Repeat every line of the data exactly, but not the pictures.

• EXERCISE DATA:
-- Opening Marker --

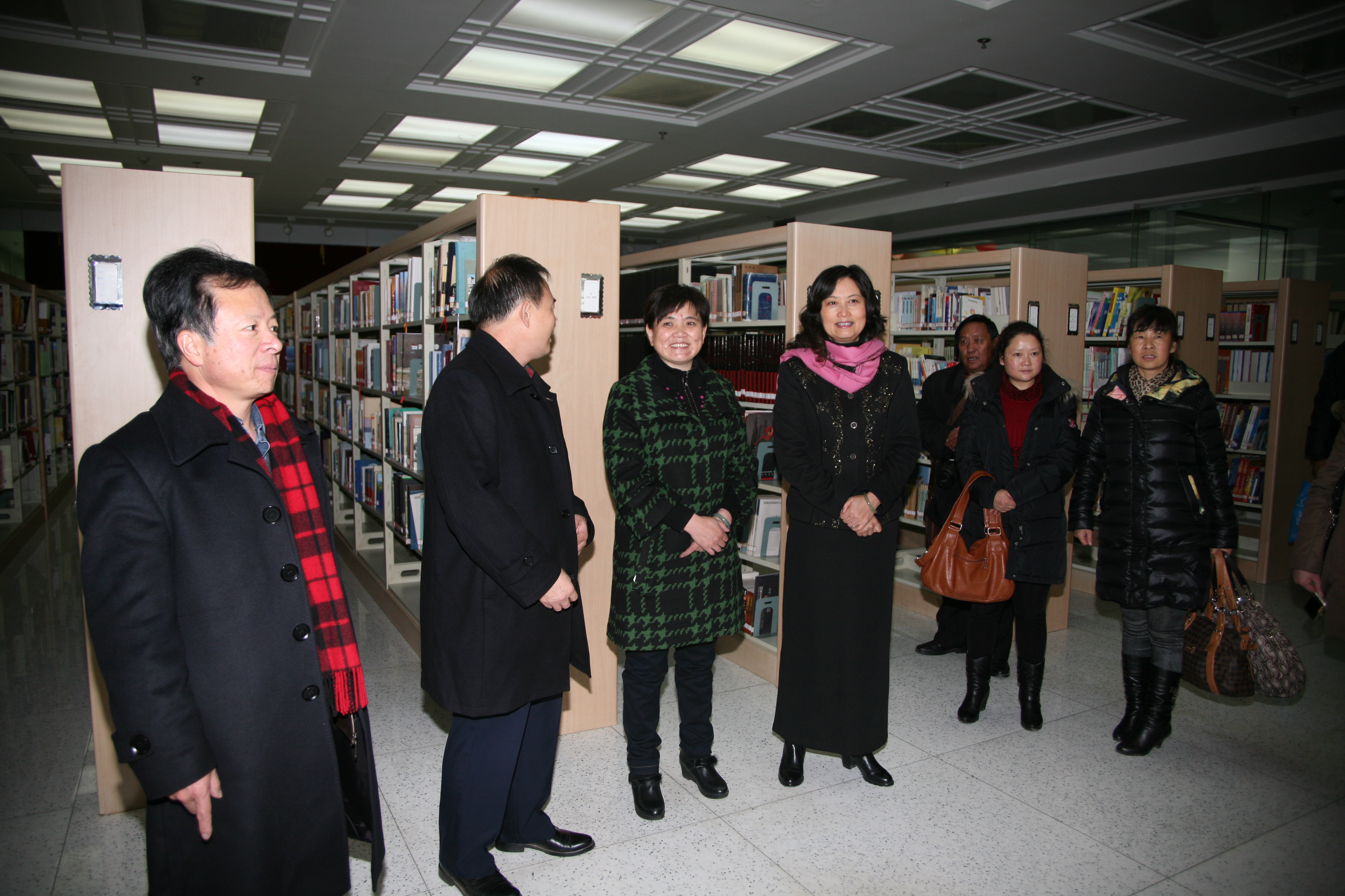 图为黄玲副厅长(左四)陪同任淑芬副厅长(左三)等考察团成员参观我馆
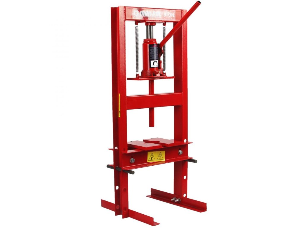 Hydraulický lis s pracovným tlakom 6t určený na stláčanie, lisovanie v dielňach, garážach, poľnohospodárstve, lesníctve, pre remeselníkov, v priemysle. Rám je zosilnený proti mechanickému poškodeniu. Nastaviteľný stôl je možné umiestniť až do 4 polôh.
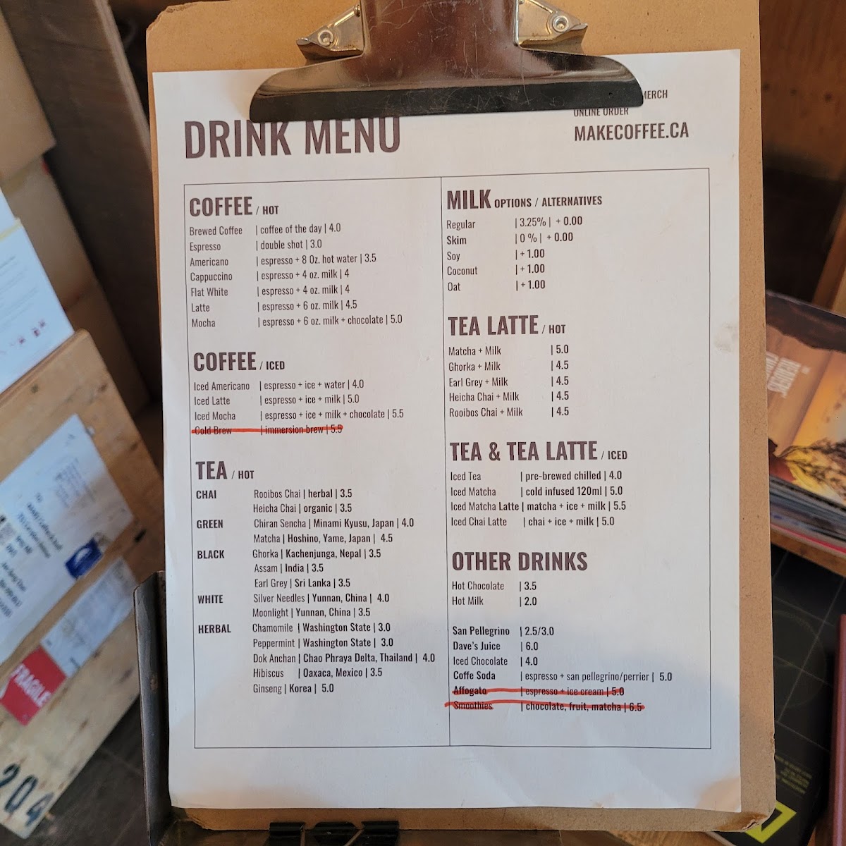 MAKE Coffee + Stuff offers a thoughtfully curated menu that balances classic café favorites with carefully crafted specialty drinks. The menu feels straightforward and inviting, with comforting beverages designed to suit quiet mornings, productive afternoons, or relaxed catch-ups.

-- Closing Marker --

• ANSWER TO THIS EXERCISE:
 图为黄玲副厅长(左四)陪同任淑芬副厅长(左三)等考察团成员参观我馆
 Hydraulický lis s pracovným tlakom 6t určený na stláčanie, lisovanie v dielňach, garážach, poľnohospodárstve, lesníctve, pre remeselníkov, v priemysle. Rám je zosilnený proti mechanickému poškodeniu. Nastaviteľný stôl je možné umiestniť až do 4 polôh.
 MAKE Coffee + Stuff offers a thoughtfully curated menu that balances classic café favorites with carefully crafted specialty drinks. The menu feels straightforward and inviting, with comforting beverages designed to suit quiet mornings, productive afternoons, or relaxed catch-ups.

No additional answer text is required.